JONATHAN WHITE explains how Lenin’s theoretical insights were able to translate into practical action that shaped subsequent history and which continues to shape our turbulent present

TODAY is 150 years since the birth of Lenin, arguably the greatest single figure in the most significant event in recent human history. Why might we say this? 

Marxists do not celebrate history as a succession of great men but as the history of class struggles that emerge from the contradictions of development within the forces and relations of production. In what sense then might we celebrate Lenin’s greatness?

For Marxists, the greatness of humans and indeed of classes lies in the extent to which they are able to analyse and understand the forces at work in their historical moment, their potentials and limits and then to use this in self-conscious practical action that enables the further development of progressive forces that work independently of their will. 

Lenin’s greatness lies in his ability to reflect in Marxist theory the great tendencies and movements at work within his time and to translate this into revolutionary action that made sense of reality for masses of people at critical moments and that enabled them to make a great leap forward that shaped subsequent history and which continues to shape our turbulent present.

Lenin grew to political consciousness as part of a world in which great monopolies were fusing with state power to drive the formation of an unevenly developed capitalist world market, generating great world crises and imperialist wars, throwing together also great concentrations of working people into formations of social labour, who formed in turn labour movements and socialist parties in the aspiration to build a better world.

It’s easy to forget how many people called themselves, to some degree or other, Marxists in Lenin’s day. 

Lenin himself was among relatively few who saw that the development of the capitalist mode of production had reached a point where revolutionary outbreaks were an imminent possibility across the capitalist world. 

For Lenin and his followers, crucial questions of revolutionary strategy and tactics had to be addressed by Marxists as urgent needs of the hour rather than being deferred to some remote period of future human history.

Lenin’s greatness lies, fundamentally, in the fact that his theory adapted to and expressed in the form of thought the movements of great masses of people in 1917, providing them with leadership at key moments and enabling them to forge a great revolutionary movement in society.

Lenin’s leadership and theory enabled him to grasp the weakness of Russian capitalism within the uneven development of world capitalism and recognise the possibility that it could determine events elsewhere. 

Yet at the same time, Lenin’s writing is also punctuated, constantly, with the recognition that the germinal forms of the socialist mode of production were being forged by capitalism itself. 

In its construction of large enterprises based on the organisation of thousands of workers across time and space, in the state’s growing role in reproducing the capitalist order and in its creation of new forms of social infrastructure and communications, Lenin saw the future emerging out of the present. 

In a memorable phrase he claimed: “Socialism is gazing at us from all the windows of modern capitalism.”

Famously, of course, Lenin restored the Marxist theory of the state to its rightful place in the heart of revolutionary theory and practice. 

The essence of a revolution, he argued, is the passage of state power from one class to another. 

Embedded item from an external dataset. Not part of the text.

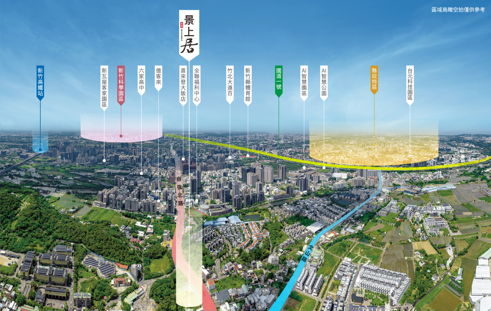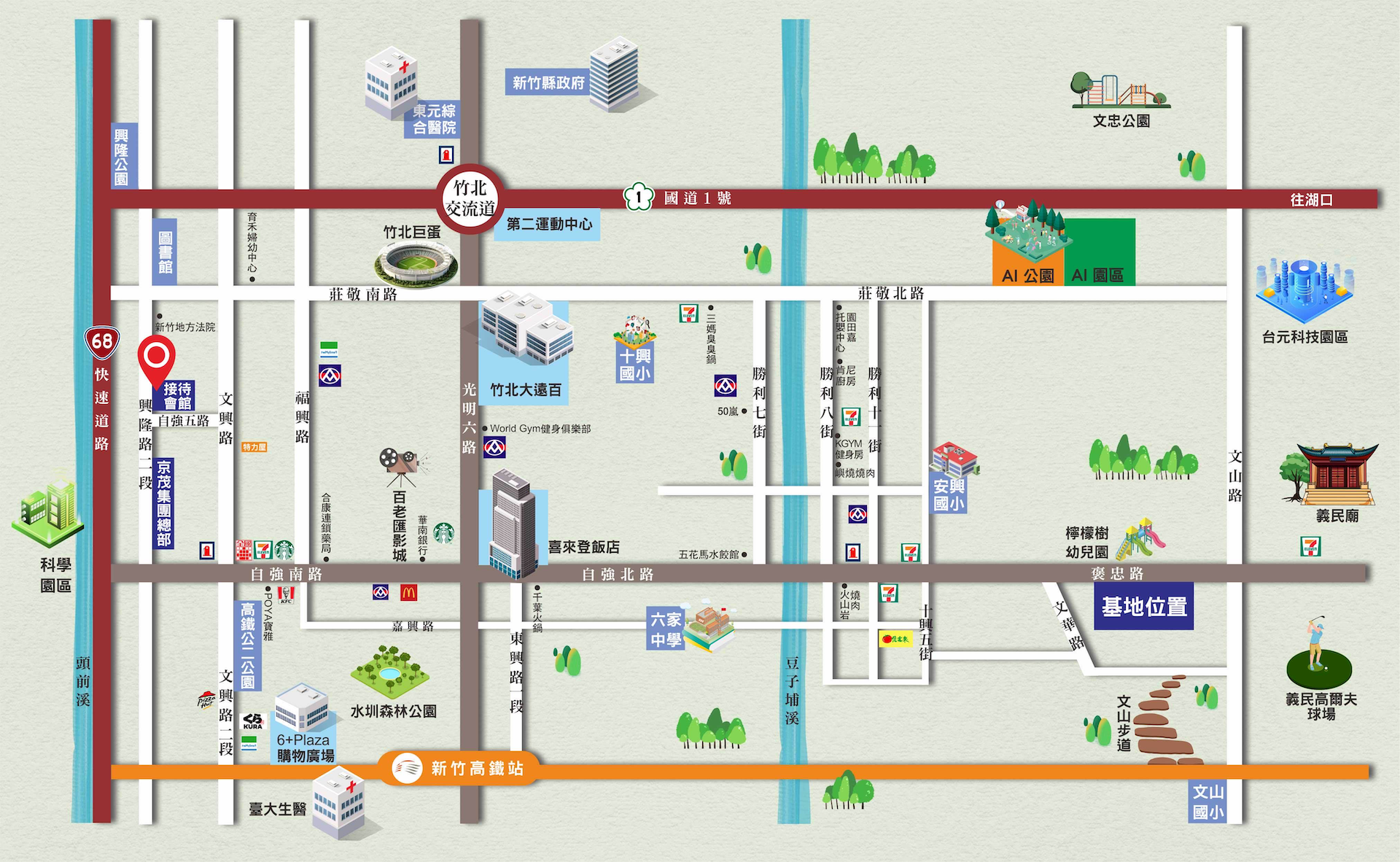 『景上居』位居竹北門戶,正對自強北路繁榮大道, 自強北路直上經國大橋通往竹科,交通便捷, 5分鐘快速串聯竹北超級生活圈,輕鬆跨步便利: 約3分鐘喜來登商圈、約5分鐘遠百生活圈、 約10分鐘高鐵通勤圈,時時刻刻隨心所欲,悠遊城市繁華一靜。

Governments alone cannot introduce socialism without controlling the state apparatus and using it against capitalist-class resistance, deploying its force to expropriate the expropriators and, crucially, to set free the socialist relations and forces of production growing up within capitalism.

Yet neither could socialism be brought about by the capitalist state machine. 

The transitional phase of a revolution had to have a political form: the dictatorship of the proletariat, the phase where the working class has put itself in a position to dictate the direction and pace of change, where it starts to unlock and build the elements of a new mode of production. 

This political form must begin the process of breaking apart the bourgeois state apparatus, democratising its components by subjecting them to the will of the people and building a new state that is in the process of ceasing to be a state altogether.

Lenin’s theoretical insights were able to translate into practical action and “grip the masses” through his position within the Bolshevik party, guiding Bolshevik strategy as it attempted to reflect and express the spontaneous movements of the masses of Russian people — workers and peasants — in 1917.

The European revolutionary outbreak, of which the Russian revolution formed part, was weaker than Lenin had hoped and was rolled back in Germany, Hungary and Italy. 

And yet Russia’s revolution survived. The dictatorship of the proletariat did expropriate the capitalist class, and it built socialist relations of production. 

Forces of production were unleashed that were capable of extraordinary feats, and mobilisations were enabled that defeated world fascism in 1945. 

Greater equality was created, mass literacy, healthcare and tremendous scientific advances were made. 

After the second world war, socialist relations of production were spread to other countries in the people’s democracies. 

Even within imperialist states, these developments led to the creation of a state monopoly capitalism in which working-class forces, led by socialist forces inspired by the October revolution, were able to win some concessions for their peoples from a watchful and frightened ruling class.

So the historical significance of Lenin and his work are not in doubt. Yet even today, after the retreat of world socialist forces, Lenin’s example and to a great extent his theory, remain of the utmost importance to us.

We live in a world where monopolies and multinationals still use state power to divide up the world between themselves and deploy it to attack the living standards of their peoples.

Capitalism is a necrotic mode of production that poses an existential threat to the peoples of the world. 

It is economically stagnant, prone to financial shocks that drive it into recession and throw millions of people into destitution and starvation.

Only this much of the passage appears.